A Possible New Way To Develop Safety Standards For Natural Perfumery Ingredients

Concern has been growing over the last few years that natural perfumery oils could be regulated out of existence because natural oils are complex mixtures of aroma chemicals and often contain chemicals that are limited by safety rules. A recent Perfumer & Flavorist article about a possible new way to safety test natural ingredients caught my eye, partly because of the parallels to current food and diet research.

In his article Will All of Our Flowers Be Gone?, Kim Bleimann (Chairman and Chief Executive Officer, Berjé Inc.) discusses whether we should test natural perfumery oils in their whole form rather than judging their safety by the levels of individual chemicals in them. For example, should we judge the safety of rose oil by tests conducted on the whole rose oil, or should we judge the safe limit for topical use by the maximum safe amount of each isolated chemical found in rose oil? We currently do the latter, but this article suggests that we should also investigate natural oils in their whole forms because some initial tests show that safe levels of whole oils may be higher than would be allowed if judged by the individual chemical components on their own.

This observation sounds similar to research in the food and diet arena, where whole plant foods have been found to be beneficial for all kinds of diseases, but supplements containing individual substances extracted from plants have not been nearly as effective as the whole plant food, and in some cases have even shown negative effects. Dr. Greger from Nutritionfacts.org has posted a number of videos on this topic, such as the benefit of whole turmeric vs curcumin supplements and the difference between beta carotene naturally found in food vs in supplement form. In the case of beta carotene, the isolated supplements seemed to increase cancer rates, whereas whole foods that contain beta carotene decrease cancer rates. The synergistic effects of all the substances in the foods seem to be important. The dose matters too: a much higher dose of an isolated component like beta carotene is possible in a pill than in whole foods, and more is not always better.

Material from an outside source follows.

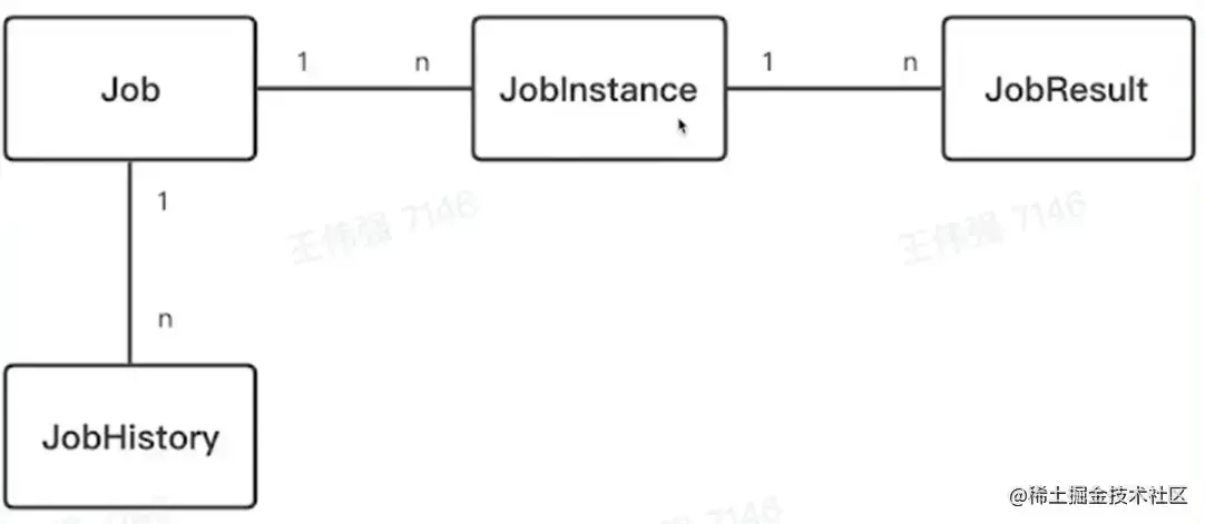 任务实例和任务结果之间也是 1:n 的关系,因为每个任务实例执行后,都可能失败,失败后就需要重新执行

It is hard to say how much this pattern seen in food research might apply to the topical use of plant oils in perfume, but the subject seems worthy of research, and Mr. Bleimann states that a number of natural perfumery oils are now being investigated in their whole forms. The results will be interesting. Until now, the main approach to saving natural perfumery oils has been to develop oils with less of the components of concern, for example creating rose oil with reduced methyl eugenol. Developing standards based not only on individual components but also factoring in research on natural oils in their whole form is another approach that could help preserve the use of natural perfumery ingredients.